Come on NYTimes. You said the Ken Ken puzzles were going to get progressively harder, Mon-Fri. Is that the best you can throw down on Thursday?
I slept like an old man last night and woke up late and cranky. Resumed work on Ch. 3. I was really stuck for awhile. The problem in this chapter is that there are many many events in it that are a little bit important. But no one big even to carry the chapter, apparently. I've tried several different endings over the last few drafts, essentially chopping it off earlier and earlier, on the theory that this and that piece weren't critical. It's true--none of them were critical. But I wanted them in there anyway for different reasons. They just weren't going to work as the climax. But plotwise they come later, so they can't really come after the climax of the chapter . . . .

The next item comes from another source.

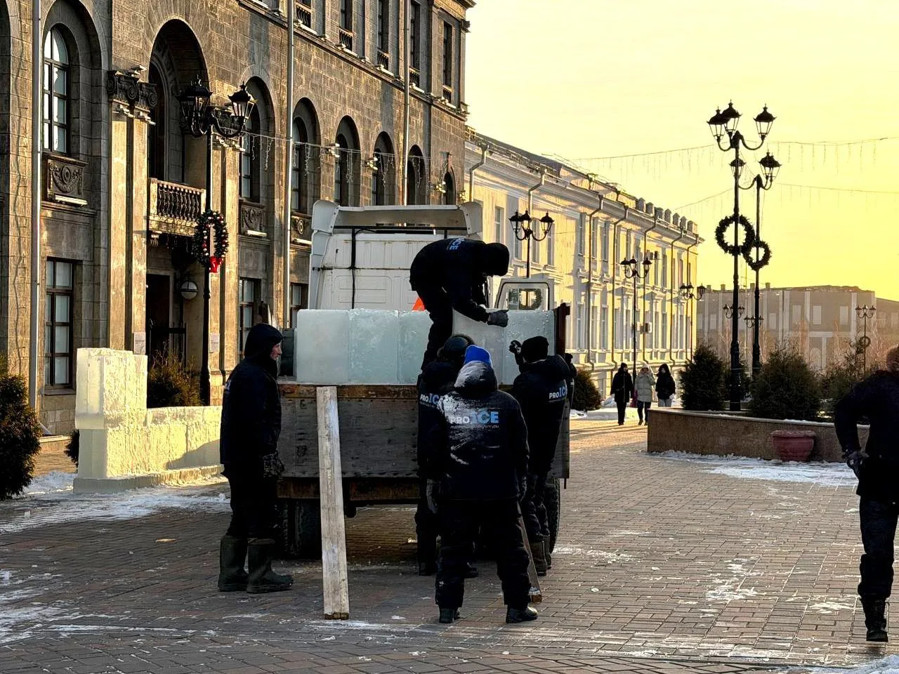 На Музейной разворачивают новогоднюю сказку — лед, ёлки и огромный подарок

yada yada. Round in circles, I went. The process for solving this kind of problem is fairly obvious--identify the right focusing question (e.g. What major thing needs to happen here, that happens no where else in the book, to complicate the character's struggle or raises the stakes?) and then hold up everything in the chapter against the standard of that question.
But making one's mind stick on that isn't always easy--at least not without the right balance of sleep and coffee and no other worldly concerns on one's mind. I sit there trying to focus on my focusing question and then my mind wanders to cleaning the dust on the book shelf I'm staring at and to the traffic outside and where will my in-laws park when they come to visit this weekend, etc.
You know what I did? I put a blanket over my head. Really, you'd be amazed to see the physical contortions I go through while I'm writing sometimes. (I crawled under the bed once to try to get in the frame of mind of one of my characters who does that and to imagine what he he's going to do next.) I sat under my blanket like a caged parrot and tried to block it all out, and after a minute the answer to my focusing question came to me and then the technical solutions of what to throw out and where to fold in what I was keeping came to me.
The great news is that (on my printed draft at least) it amounts to about 16 pages cut from a 40-page chapter, which gets it a lot closer to reasonable.
With that and lesser cuts in Chapters 1 and 2, I think I have about 25 pages cut out of the first 125. So 20%. Keep up that average, and I should cut about 108 from 540 to get to 432.
So I think I'll call that my target number in the next draft. 432 pages. I won't really know if I'm getting close until I type in all my changes on the computer, which will be awhile. I figure a couple more weeks of working on the paper copy this way.